Why is there only pointer to function instead of var of function?

In C/C++, we can declare/define a type of pointer to function, and then declare/define some variables of this type. But I think it is ambiguity.

For example:

typedef void ( *pFunc )();
// typedef void ( aFunc )();
void theFunc() {
   cout << "theFunc has been called successfully." << endl;
};

int main() {
   pFunc pf0 = theFunc;
   pFunc pf1 = &theFunc;

   pf0();
   ( *pf0 )();
   pf1();
   ( *pf1 )();
};

Theoretically, only pFunc pf1 = &theFunc; and (*pf1)(); are legal, but all of above can pass through compilation.

In Pascal syntax, we need to define vars of function or vars of pointer to a function respectively, and the meaning of them are different and much clearer(at least I think so)!

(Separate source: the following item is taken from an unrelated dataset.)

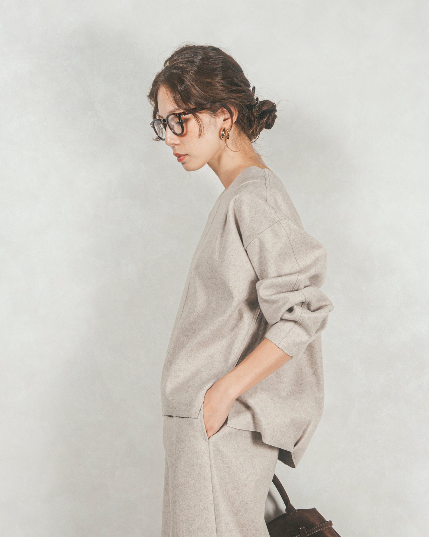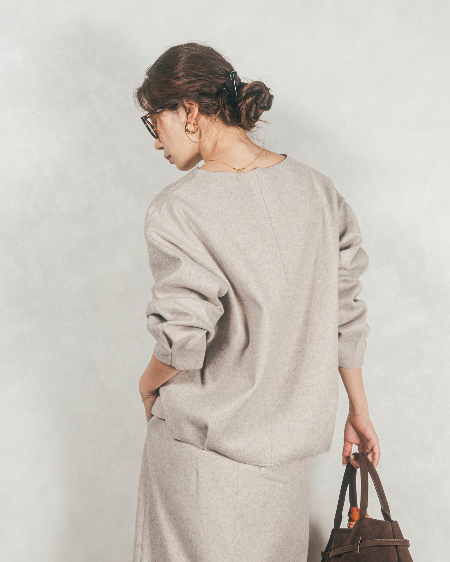 やわらかなコクーンシルエットに仕立てた、オーバーサイズのデザイン。浅めのVネックラインが顔周りをすっきりと見せ、後ろの裾にはタックを入れることで、気になる部分を自然とカバーし、華奢見えさせるこだわりのデザインです。

Moreover, we can't declare/define a var of function instead of a var of pointer to function! I tried follows and get failed.

typedef void ( aFunc )();
aFunc af0 = theFunc;

If with other types such as int/double, there are very strict syntax that restricts us to use them correctly. (If int* is not same as int, why is *pf0 is same as pf0?!)

So, Can I think it is a bug of C/C++ standard?

Solution

  • I think that I have found the answer.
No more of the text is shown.